Your assignment:
Transcription, pictures excluded: write out the data below exactly.

(Stored records)
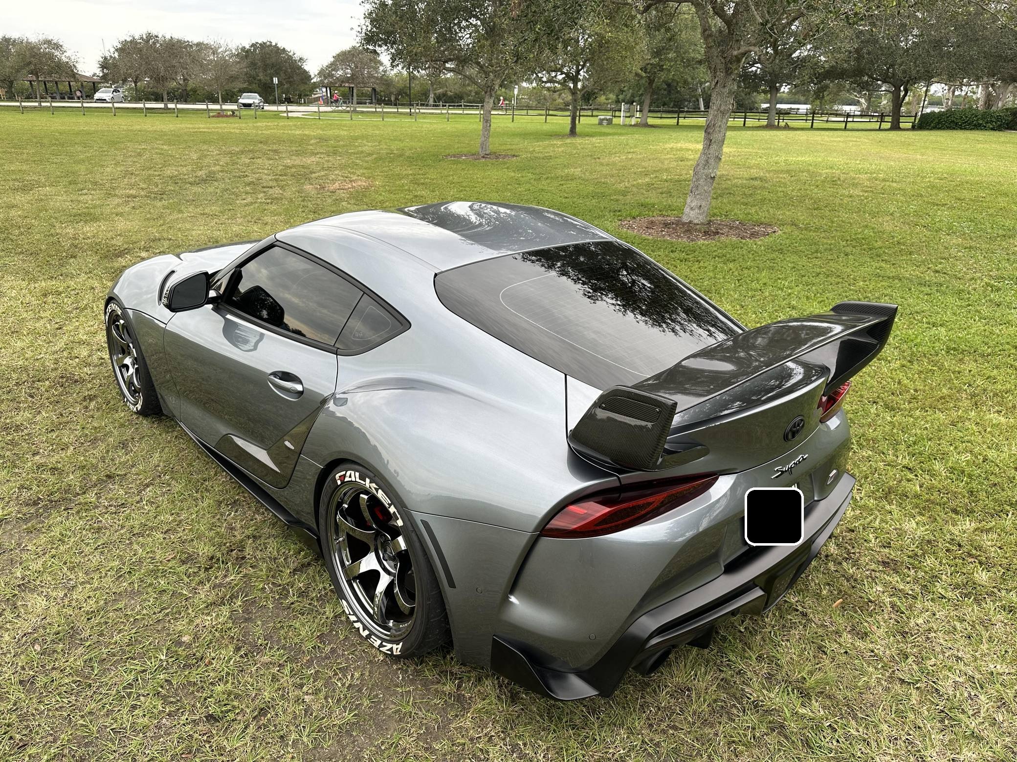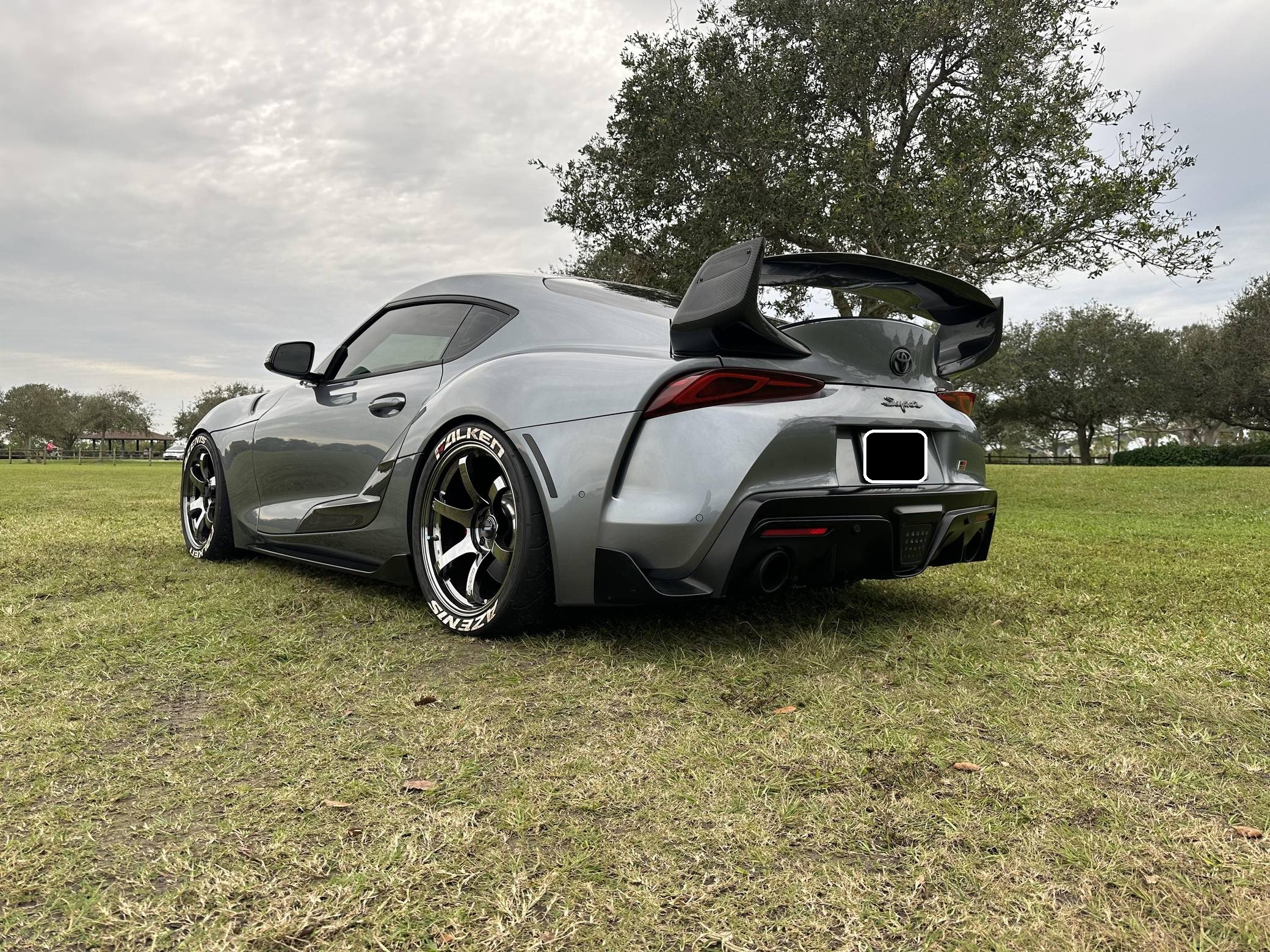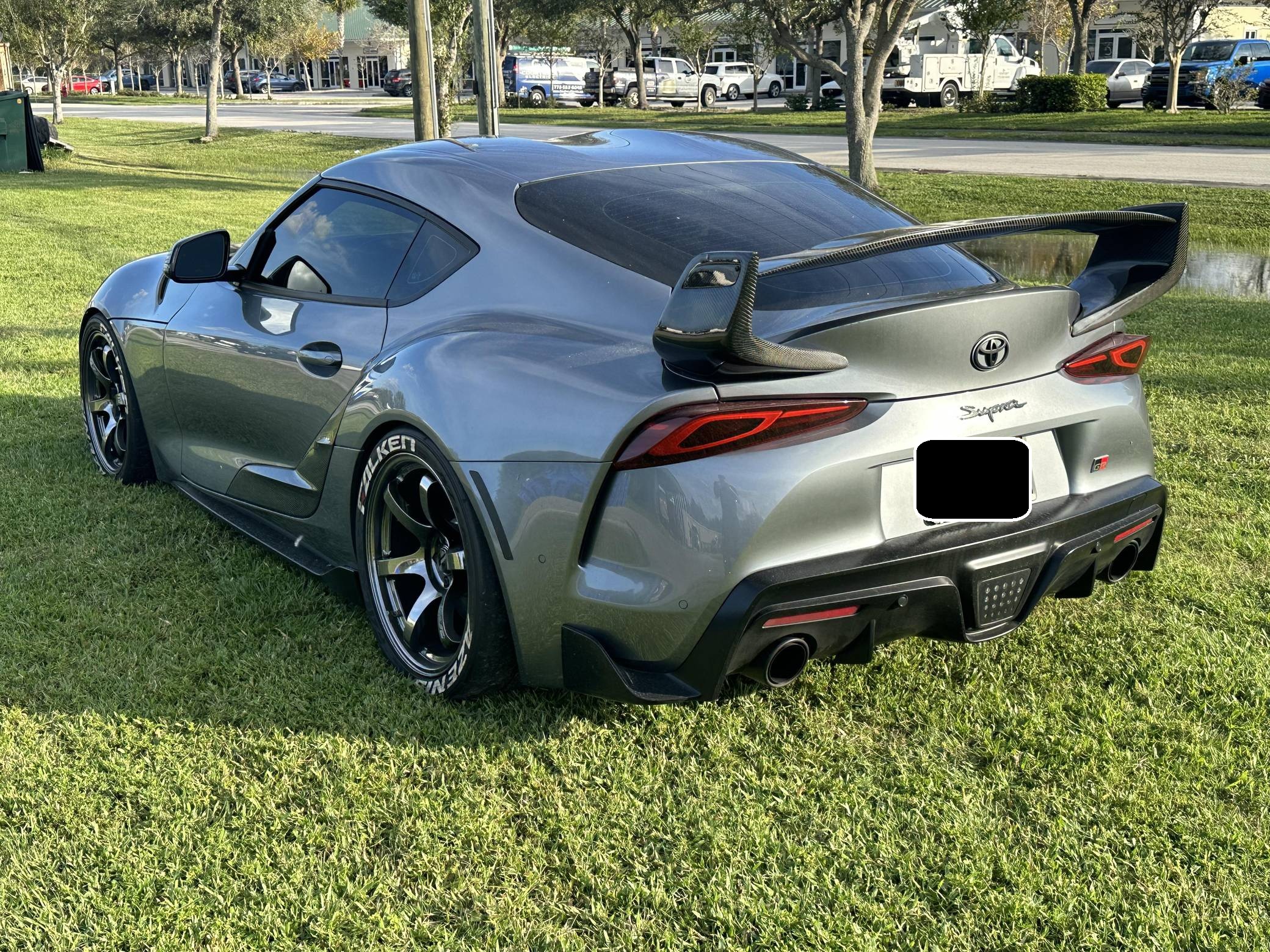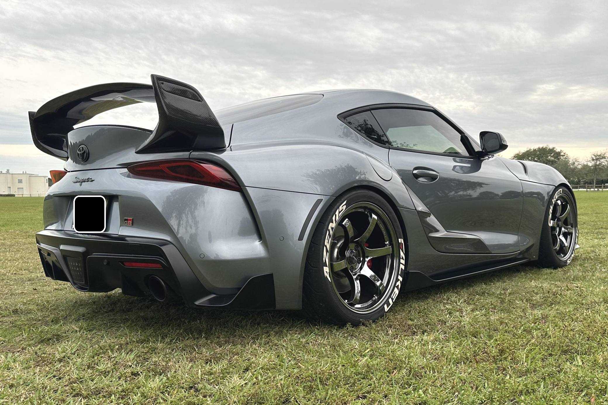 THIS… is a 2021 Toyota Supra 3. 0 Premium, finished in Turbulence Gray with a black interior. Modifications reported by the seller include RAYS Gram Lights wheels with Falken Azenis RT660 tires, HKS HIPERMAX springs, an EcuTek tune, a Pure800 turbocharger, a Titan Motorsports downpipe and methanol injection kit, a MagnaFlow catback modular exhaust, various Rexspeed carbon fiber exterior parts, and a Suvneer Motorsports rear wing. After a nearly two-decade absence, the Supra was revived as part of a major partnership with BMW. With turbocharged 4- or 6-cylinder power, the Graz, Austria-built Supra went on sale in mid-2019. Changes for 2021 included a hefty bump in power and numerous chassis tweaks. Power comes from a 3. 0-liter turbocharged inline-6, rated at 382 horsepower and 368 lb-ft of torque in stock form. Due to the modifications performed to this Supra, it likely produces more power, but a dyno sheet was not provided to confirm. Output is sent to the rear wheels via an 8-speed automatic transmission.
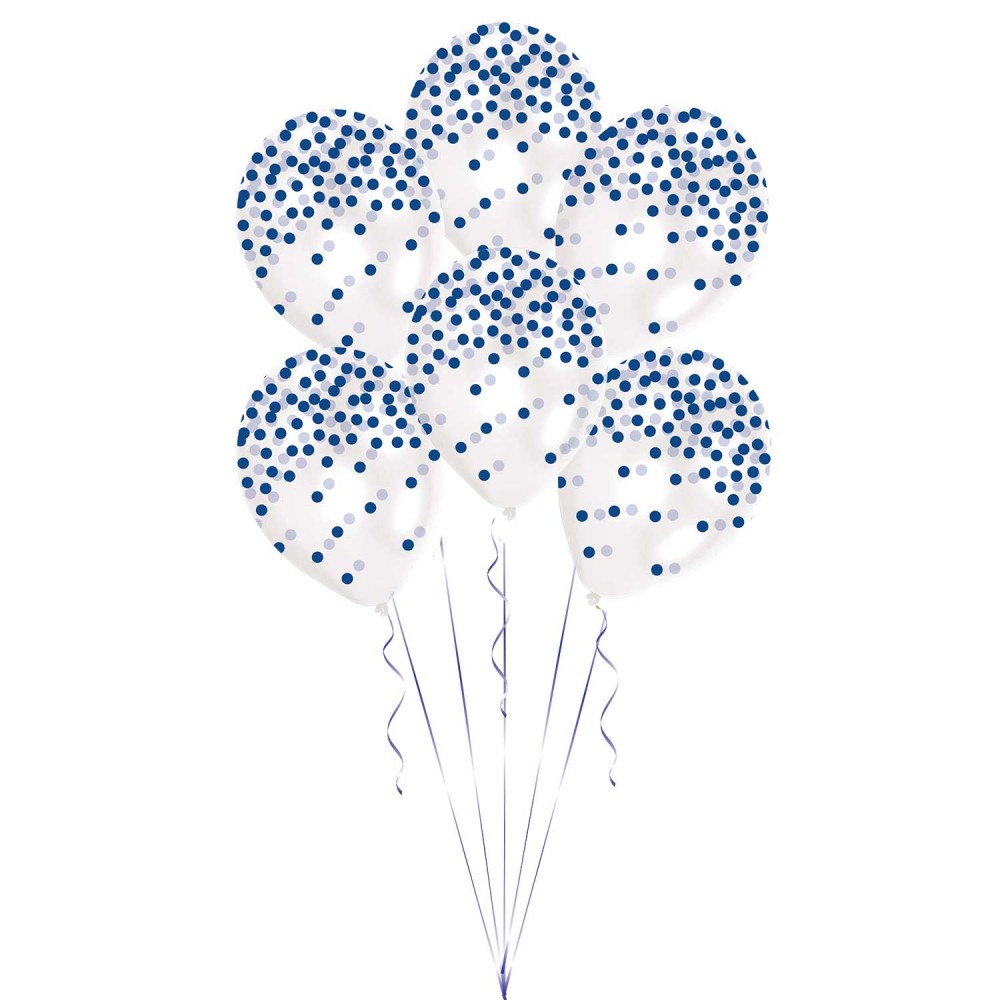 Pack 6 balões Latex Confetti Impresso Azul
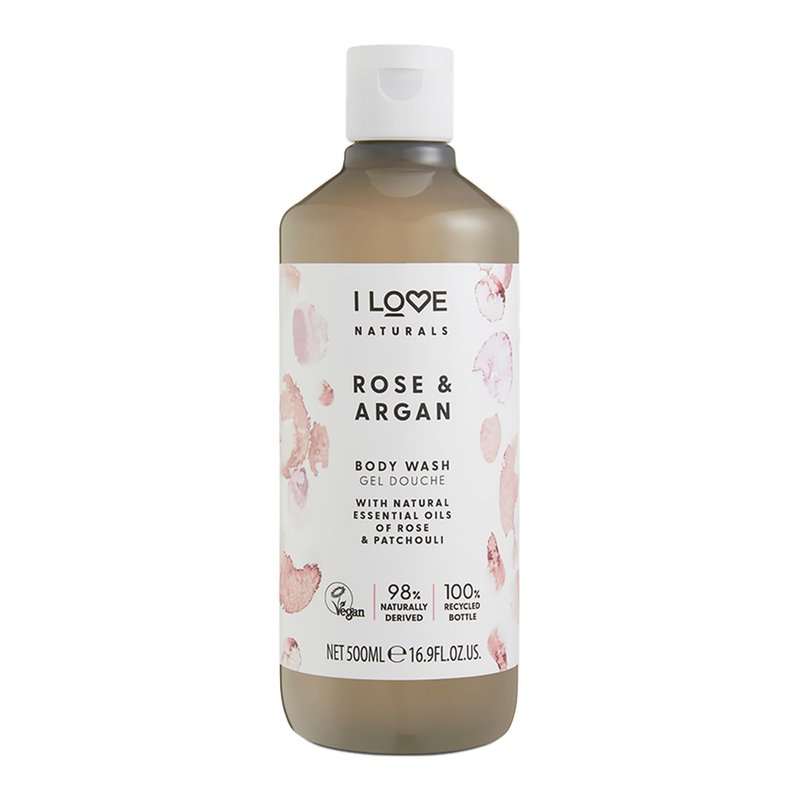 I Love Naturals Rose and Argan Body Wash - Moisturizing Body Wash - Infused with Essential Oils - Plant-Based Body Cleanser - 16.9 oz
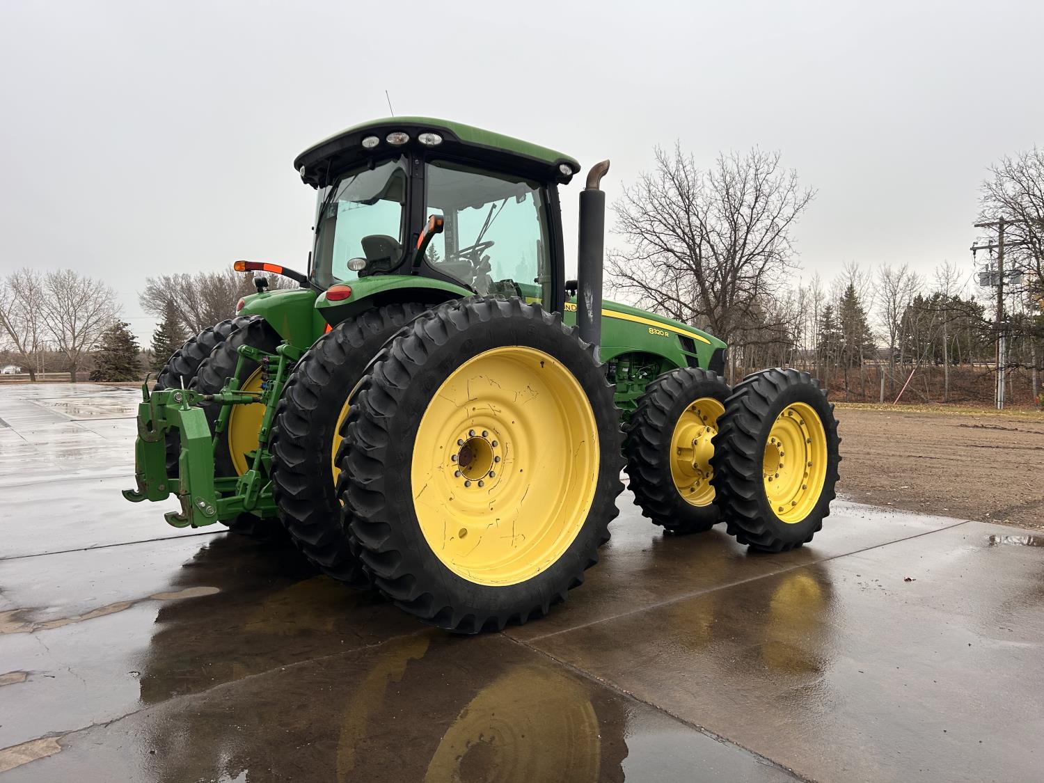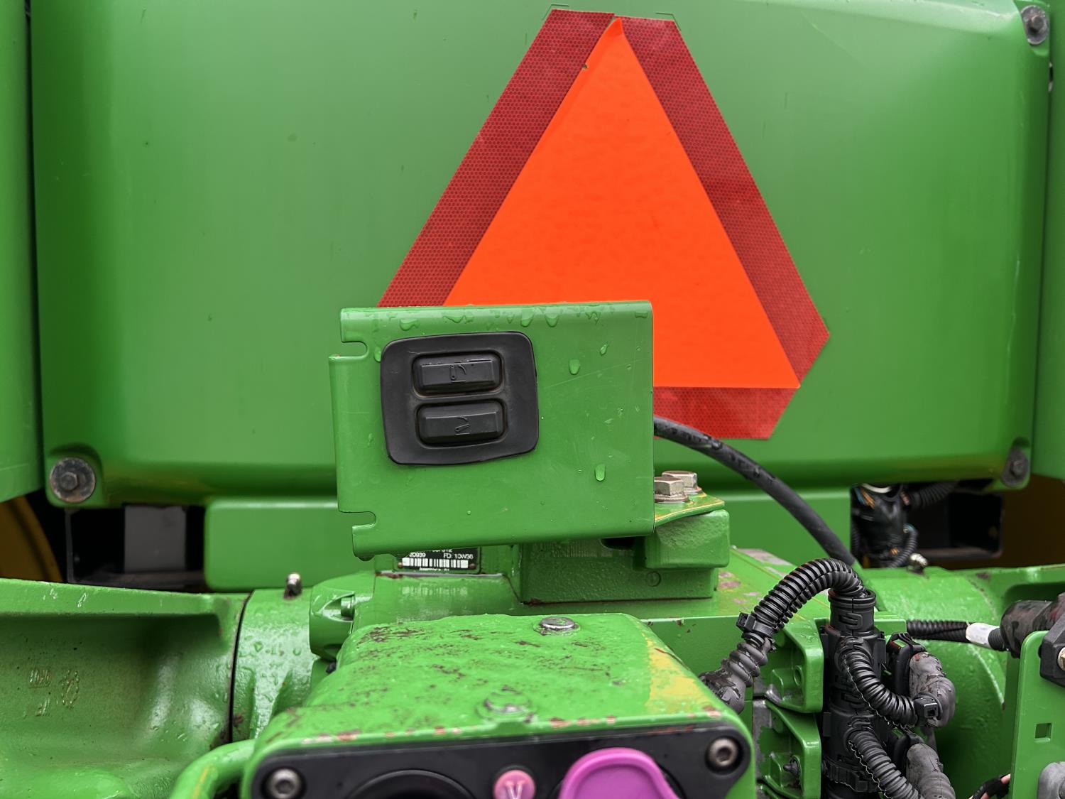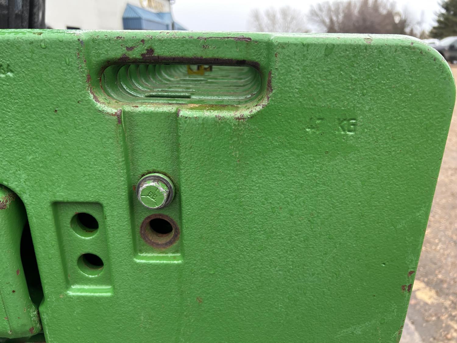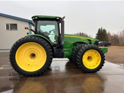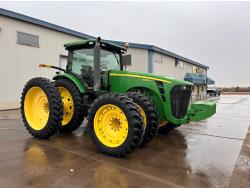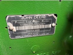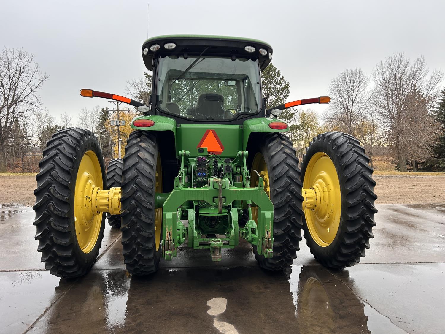 John Deere 9.0L 6 cylinder 320 HP, diesel engine, 263 PTO HP, IVT transmission, 60 GPM hydraulic pump, cab, front and rear differential lock, A/C, upgraded stereo, air ride seat, buddy seat, GPS ready, RH/Shuttle , 22 front weights, 47Kg per weight , 540/1000 / Big 1000 PTO, Q/A 3 point hitch, 3 point hitch exterior control, 5 rear hydraulic outlets, 1 rear auxilary hydraulic outlets, Power beyond and case drain Rear 3pt lift capacity 18,300 lbs , 380/80R38 dual front tires, 380/90R54 dual rear tires, 36" spacing setup for row crop. , Tractor had engine rebuild at 4167hrs, see work orders and service records attached
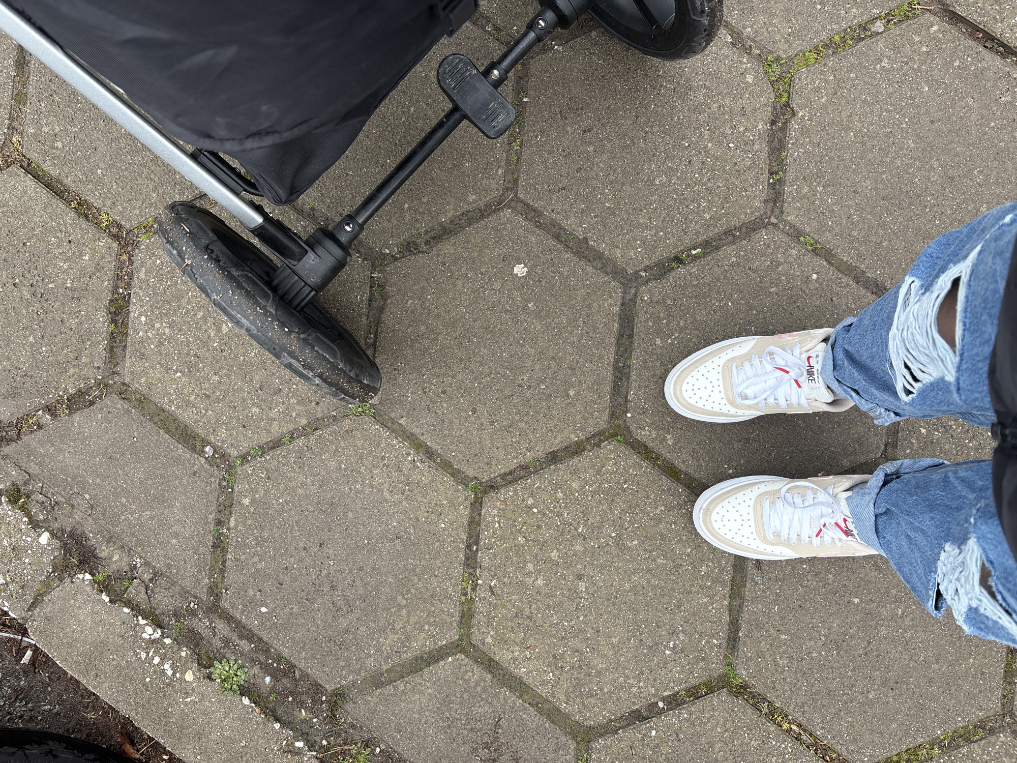An overhead view captures a paved outdoor surface in Pernik, Bulgaria. The ground is composed of hexagonal grey concrete paving blocks, with moss and small weeds growing in the seams between them. Dirt and small white debris are scattered on the surface and within the cracks. In the bottom-left quadrant, the lower legs and feet of an individual are visible. This individual wears light blue denim jeans, significantly ripped on the thighs. Their footwear consists of white and beige Nike brand athletic shoes, featuring visible red stitching accents near the laces. In the upper-right quadrant, the front portion of a black baby stroller is present. It has a silver-colored metal frame, black fabric elements, and black plastic wheels. The visible front wheel appears soiled with dirt and debris. A black footrest or brake mechanism is also discernible on the stroller's lower frame. The individual appears to be standing next to the stroller.

Response:
 THIS… is a 2021 Toyota Supra 3. 0 Premium, finished in Turbulence Gray with a black interior. Modifications reported by the seller include RAYS Gram Lights wheels with Falken Azenis RT660 tires, HKS HIPERMAX springs, an EcuTek tune, a Pure800 turbocharger, a Titan Motorsports downpipe and methanol injection kit, a MagnaFlow catback modular exhaust, various Rexspeed carbon fiber exterior parts, and a Suvneer Motorsports rear wing. After a nearly two-decade absence, the Supra was revived as part of a major partnership with BMW. With turbocharged 4- or 6-cylinder power, the Graz, Austria-built Supra went on sale in mid-2019. Changes for 2021 included a hefty bump in power and numerous chassis tweaks. Power comes from a 3. 0-liter turbocharged inline-6, rated at 382 horsepower and 368 lb-ft of torque in stock form. Due to the modifications performed to this Supra, it likely produces more power, but a dyno sheet was not provided to confirm. Output is sent to the rear wheels via an 8-speed automatic transmission.
 Pack 6 balões Latex Confetti Impresso Azul
 I Love Naturals Rose and Argan Body Wash - Moisturizing Body Wash - Infused with Essential Oils - Plant-Based Body Cleanser - 16.9 oz
 John Deere 9.0L 6 cylinder 320 HP, diesel engine, 263 PTO HP, IVT transmission, 60 GPM hydraulic pump, cab, front and rear differential lock, A/C, upgraded stereo, air ride seat, buddy seat, GPS ready, RH/Shuttle , 22 front weights, 47Kg per weight , 540/1000 / Big 1000 PTO, Q/A 3 point hitch, 3 point hitch exterior control, 5 rear hydraulic outlets, 1 rear auxilary hydraulic outlets, Power beyond and case drain Rear 3pt lift capacity 18,300 lbs , 380/80R38 dual front tires, 380/90R54 dual rear tires, 36" spacing setup for row crop. , Tractor had engine rebuild at 4167hrs, see work orders and service records attached
An overhead view captures a paved outdoor surface in Pernik, Bulgaria. The ground is composed of hexagonal grey concrete paving blocks, with moss and small weeds growing in the seams between them. Dirt and small white debris are scattered on the surface and within the cracks. In the bottom-left quadrant, the lower legs and feet of an individual are visible. This individual wears light blue denim jeans, significantly ripped on the thighs. Their footwear consists of white and beige Nike brand athletic shoes, featuring visible red stitching accents near the laces. In the upper-right quadrant, the front portion of a black baby stroller is present. It has a silver-colored metal frame, black fabric elements, and black plastic wheels. The visible front wheel appears soiled with dirt and debris. A black footrest or brake mechanism is also discernible on the stroller's lower frame. The individual appears to be standing next to the stroller.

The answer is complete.